Deadline reports that Michelle Williams, most recently seen in Venom: Let There Be Carnage, has signed on to play historical figure Queen Catherine Parr in the psychological horror tale Firebrand, which will also star Jude Law (most recently in The Third Day) as the notorious King Henry VIII. I wouldn’t expect a project like this to be something we’d cover here on Arrow in the Head, I’d usually just write it off as “a stuffy costume drama set in the 1500s”, but the Deadline report really plays up the psychological horror angle.

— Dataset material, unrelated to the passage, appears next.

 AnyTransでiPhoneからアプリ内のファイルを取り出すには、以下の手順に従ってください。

Karim Aïnouz (The Invisible Life of Eurídice Gusmão) is attached to direct Firebrand from a script by Killing Eve writers Jessica Ashworth and Henrietta Ashworth. Brouhaha Entertainment are producing the film, which has the following synopsis:
By the time young Catherine Parr (Williams) married the deteriorating, increasingly despotic King Henry VIII (Law), she had no assurances of a happy marriage; in fact, she had no assurances of surviving this marriage at all. Of her predecessors, two were thrown out, one died in childbirth and two were beheaded. While Catherine tried to keep her head about her to navigate the politics of her position, she brought a secret agenda. She was Protestant, believed it her duty to marry Henry, for it would be the only position in which she could convert him – and the kingdom – from his pro-Catholic position. That faith was tested when the church resisted granting his divorce from his first wife so he could marry Anne Boleyn, who would later be beheaded. With arrests, torture, and executions of Protestants on the rise, Catherine invited a dangerous game that would leave one of them dead before long. The thriller is told through Catherine’s singular point-of-view of the psychological horror of living with a monster—and the remarkable will to not only survive, but thrive.

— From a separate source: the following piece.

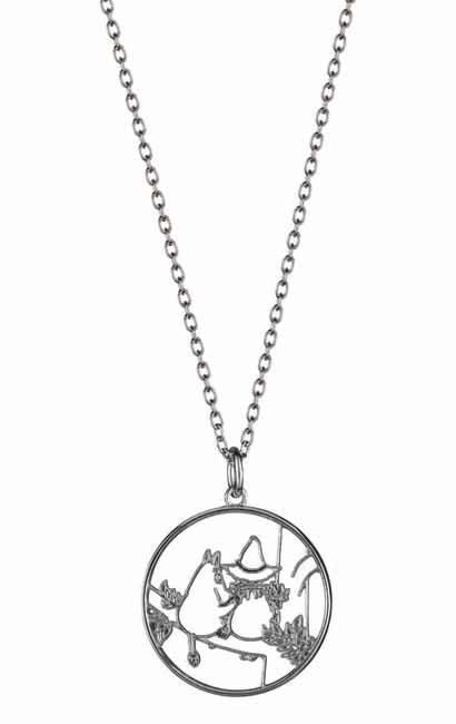 Naisten kotimainen hopeariipus. Lumoavan Muumi-koruihin kuuluva Ystävyys-riipus, johon on ikuistettu Muumilaakson parhaat ystävykset, Muumipeikko ja Nuuskamuikkunen. Valmistusmateriaalina on laadukas 925 hopea. Tämän hopeisen Muumi-riipuksen leveys on 24 mm ja pituus 26 mm. Ketjun pituus kaulakorussa on säädettävä 45/50 cm.

Aïnouz said Catherine Parr
deserves a portrait. There has been much depicted on the king and the wives that perished. It’s important to look at someone who turns out to be stronger than the forces around them. This is a modernistic look at the classic trope of the woman trapped in a castle with a monster. One of the first things that came to mind when I started this was the legend of Bluebeard. I think it’s important to revisit narratives that have been conveyed as romantic love stories. Henry was a most interesting person, but he was uber-violent, which was in tune with the times. Jude will not play him as the clichéd fat man eating the turkey leg. Jude got how complex this guy was, not a loveable character but as a most powerful man of his time. And Michelle immediately came to mind. I so admire her choices, going back to Brokeback Mountain, and there is something fascinating about her each time I rediscover her in a performance.”
The director released a lengthy statement about Firebrand to Deadline that demonstrates he is very passionate about this project. You can click over to their site to read the full thing, but here’s an excerpt:
With Firebrand I want to bring to the screen the heat of threatened bodies, the pounding pulse of their hearts, the steam of their breaths, the apparent control of lives that are in constant threat. I see gold, posturing and violence. I imagine an opera fatale, a game of life or death, a movie with saturated colours, deep crimson and blue, a story of characters inhabiting the brutal wind of winter and the silver skies of the North.”
Filming will take place in a castle from the period where Aïnouz says you can “hear the ghosts”.
Firebrand definitely appears to have found the right director for the material. We’ll have to wait and see how much of a psychological horror movie it turns out to be.